Ele nunca deixou de afirmar, especialmente em seus diários e em sua correspondência, que ele mesmo era feito de literatura. Em geral, essa confissão costuma vir acompanhada de uma descrição irônica e meticulosa de seu corpo muito esguio, como se o rabisco Kafka tivesse sido escrito em seu corpo ou, ainda mais, fosse seu corpo. Nesse contexto, é notória a sua proverbial obsessão pelo casamento e pelas mulheres, a quem esquadrinhava com a pertinácia de um entomologista para chegar sempre à mesma conclusão: não ia beber dessa sensualidade. Porque para ele não havia escolha entre se submeter à loucura de um cotidiano “normal” e se submeter à loucura de continuar a ser o pária que escreve para negar, não para publicar, para continuar vivendo no deserto que lhe servia de comida e desprezo.
 
Muito se tem falado sobre o elemento esparsamente corpóreo das figuras criadas por Kafka, às vezes chamadas não por nomes próprios, mas por sua função: o viajante, o oficial, o pároco, o caçador, o artista. São seres sem atributos humanos (ou são humanos demais), que cumprem uma função abstrata dentro da história, como se fossem fórmulas destinadas a transportar certos conteúdos intercambiáveis ​​entre um texto e outro, entre uma época e outra: significados parciais que se derramaram sobre si, dentro de sua própria funcionalidade na ficção, respondem pela parcialidade de todo significado. A abstração de Kafka não é uma abstração para significar um todo, mas o contrário, é uma abstração para representar o vazio, para aniquilar a cena em que ele se passa, para aniquilar a representação.
 
“Quando aquele mundo despertar, a palavra verdadeira se desvanecerá em sonho”, disse Karl Kraus para esse universo literário que usava o texto como última razão, da qual também era preciso se livrar.
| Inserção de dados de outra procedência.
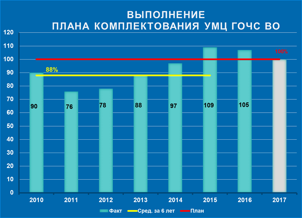 На 2016 учебный год план подготовки слушателей на базе УМЦ ГО ЧС ВО составлял 143 человека. План выполнен на 105%. Прошли обучение 150 человек по категориям:
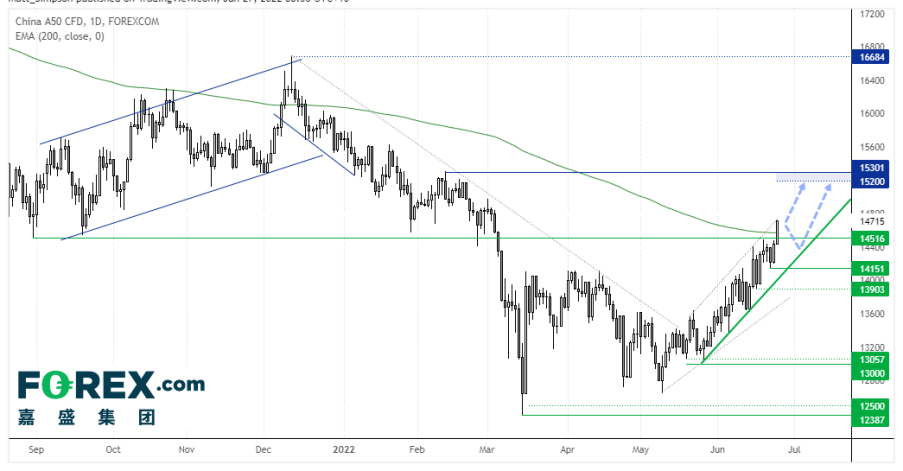 中国A50指数日图保持强有力的上涨势头,上周五逼近3个月高点,也收上9月低点和200天指数移动均线,并且上涨通道保持完好。上周五的高点测试了通道上轨,继续冲高前或先行回调,可能在14,516低点和下轨趋势线找到支撑。但若站上上周五高点,可以假设继续冲高,重点关注15,200阻力区域。

Frases que dizem outra coisa ou dizem permanentemente para não dizer nada. Para Kafka, um sedutor culpado e travesso, escrever era a armadilha na qual ele queria desaparecer. Em uma carta endereçada a Kurt Wolff e datada de 4 de novembro de 1913, ele afirma:
 
“Uma lamentável crônica que começa a partir de uma construção cuja base inferior certamente flutua acima do vazio. Quando me aproximei da minha mesa para levar o tinteiro para a sala, senti uma rigidez em mim que me fez pensar no ângulo de um enorme edifício que aparece na névoa e desaparece novamente. Não me sentia perdido, algo em mim esperava e esse algo estava separado de cada ser humano. Eu me perguntei o que aconteceria se, de repente, eu decidisse abandonar tudo para andar pelo campo como todo mundo faz. Este modo de antecipação, esta tendência permanente de procurar exemplos, esta névoa de medo ... tudo isto é ridículo. São apenas construções que nem mesmo na representação do escritor atingem a superfície do que está vivo e, quando chegam, são vítimas de uma leve e repentina inundação que os varre do planeta. Que teve a arte mágica de transformá-los numa máquina para evitar que milhares de facas espalhem seus fragmentos e os façam desaparecer.”
 
Escrever como máquina aniquiladora é uma construção, uma plataforma onde pode acontecer o frágil e contundente teatro do mundo, que, ao mesmo tempo, pode ser apagado repentinamente por uma inundação ou pelo movimento de um cotovelo. Kafka concorda com a neutralidade absoluta da voz narrativa, com a inversão absoluta do narrador onisciente: ele se transforma na narrado, na garatuja de um alfabeto permanentemente perdido e redescoberto. Quem conta finge dominar o que é narrado, conta, mas é como se nada soubesse, como se o narrado lhe fosse estranho; não comunica ou comunica infinitamente. Em Kafka, trata-se um procedimento pelo qual cada afirmação tende a sublinhar seu vazio de significado; isto é, torna-se a negação não mais de seu conteúdo, mas de sua própria anulação: a anulação da pessoa Kafka.
 
“Falar com neutralidade ― diz Maurice Blanchot em De Kafka à Kafka ― é falar à distância, sem mediação ou referência; é a prova da distância irredutível para apagar a mensagem e os dois polos que definem a instância da comunicação”.
 
Assim entendida, a voz pela qual a “máquina Kafka” se expressa está deslocada de um centro comum e, nesse deslocamento, assemelha-se à fala de um louco, por causa do invertebrado; ou a linguagem do sonho, pela pureza de sua estrutura inconsciente ou subconsciente. Enfim, é aí onde a linguagem de Kafka adquire a carnalidade que a torna suscetível a tantas interpretações quanto os leitores: nesse não-lugar do extemporâneo, onde o dizer negativo se transforma numa máquina de expressão infinita. Nesse espaço de extrema densidade e precariedade, vazio de representação ao mesmo tempo cheio de possibilidades, a subversão pode instalar-se, pois não há outra regra senão a irreverência e também o riso.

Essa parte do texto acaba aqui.